## HOW TO COMPLETE THIS TASK:
Give back, word for word, only the lines from the opening of the records through the one with "Snygg vit pufferjacka". Pictures stay out.

= = = = =

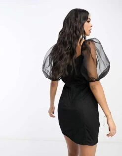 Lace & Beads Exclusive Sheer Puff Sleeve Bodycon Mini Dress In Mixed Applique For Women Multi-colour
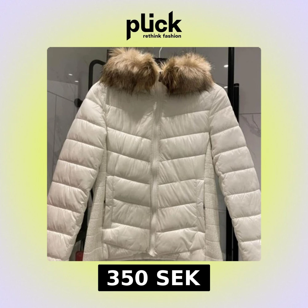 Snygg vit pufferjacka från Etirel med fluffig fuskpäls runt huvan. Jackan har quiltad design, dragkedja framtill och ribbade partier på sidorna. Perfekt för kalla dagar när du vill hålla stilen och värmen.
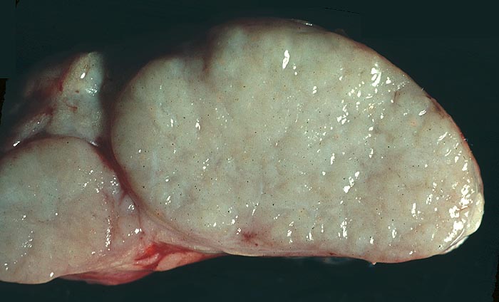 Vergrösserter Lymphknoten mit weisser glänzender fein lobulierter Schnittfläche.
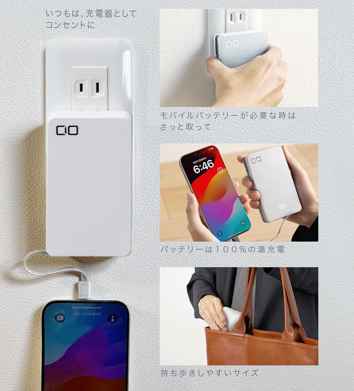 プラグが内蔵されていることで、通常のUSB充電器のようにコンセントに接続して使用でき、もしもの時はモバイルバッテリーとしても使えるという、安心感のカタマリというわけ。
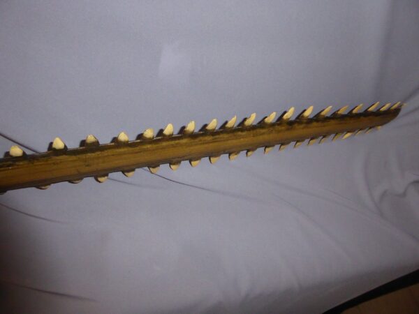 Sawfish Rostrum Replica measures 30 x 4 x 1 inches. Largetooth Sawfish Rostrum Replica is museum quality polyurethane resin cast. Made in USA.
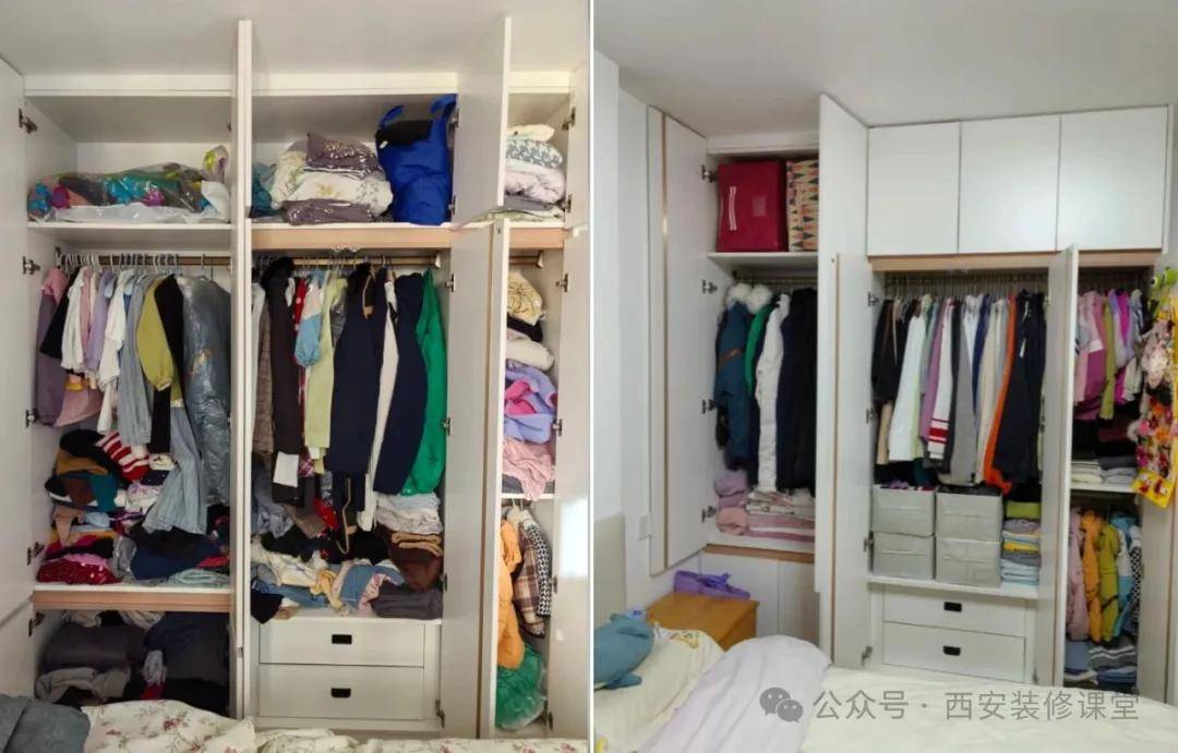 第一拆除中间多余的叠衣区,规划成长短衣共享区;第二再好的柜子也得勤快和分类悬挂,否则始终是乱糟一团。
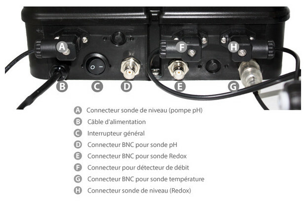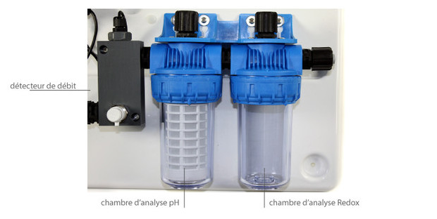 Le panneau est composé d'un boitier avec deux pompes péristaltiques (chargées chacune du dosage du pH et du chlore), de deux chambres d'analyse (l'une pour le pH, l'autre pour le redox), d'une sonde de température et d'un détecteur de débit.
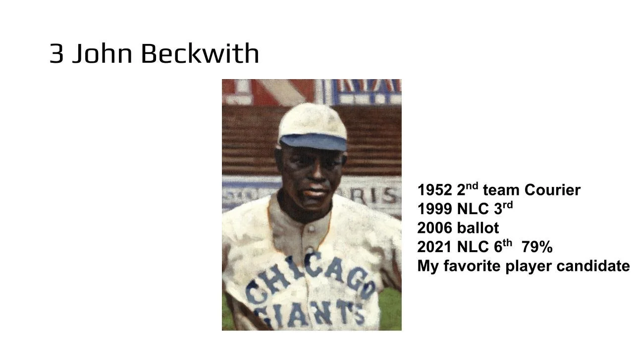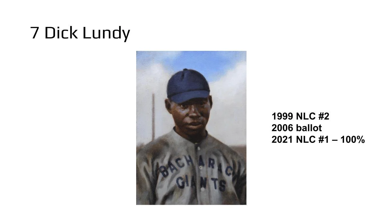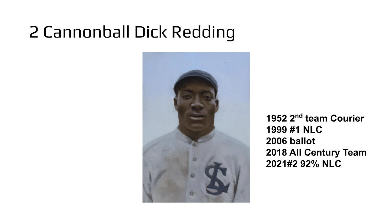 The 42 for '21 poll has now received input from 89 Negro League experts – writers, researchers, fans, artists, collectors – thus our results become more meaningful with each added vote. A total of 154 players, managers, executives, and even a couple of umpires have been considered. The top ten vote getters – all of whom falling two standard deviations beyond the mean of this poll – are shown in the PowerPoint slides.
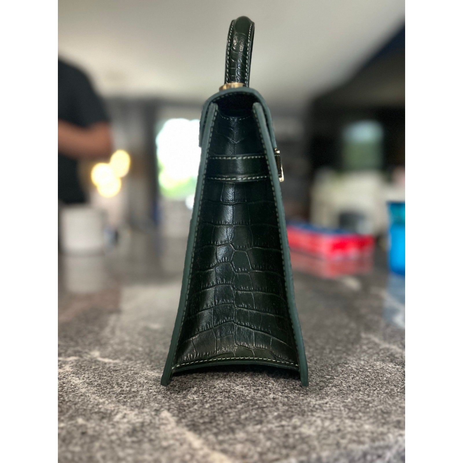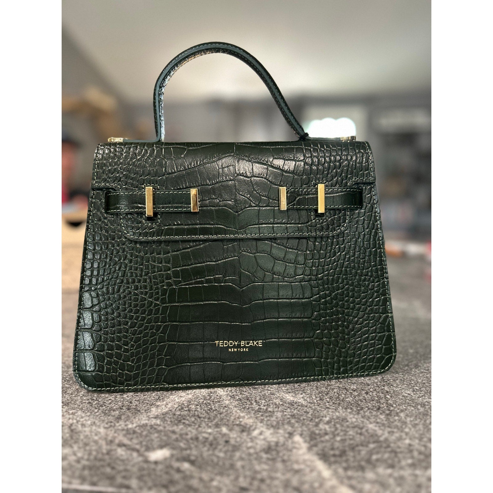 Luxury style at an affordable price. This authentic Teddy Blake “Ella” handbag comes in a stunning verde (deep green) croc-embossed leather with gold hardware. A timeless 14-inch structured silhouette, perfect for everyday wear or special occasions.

= = = = =

## YOUR SOLUTION:
 Lace & Beads Exclusive Sheer Puff Sleeve Bodycon Mini Dress In Mixed Applique For Women Multi-colour
 Snygg vit pufferjacka från Etirel med fluffig fuskpäls runt huvan. Jackan har quiltad design, dragkedja framtill och ribbade partier på sidorna. Perfekt för kalla dagar när du vill hålla stilen och värmen.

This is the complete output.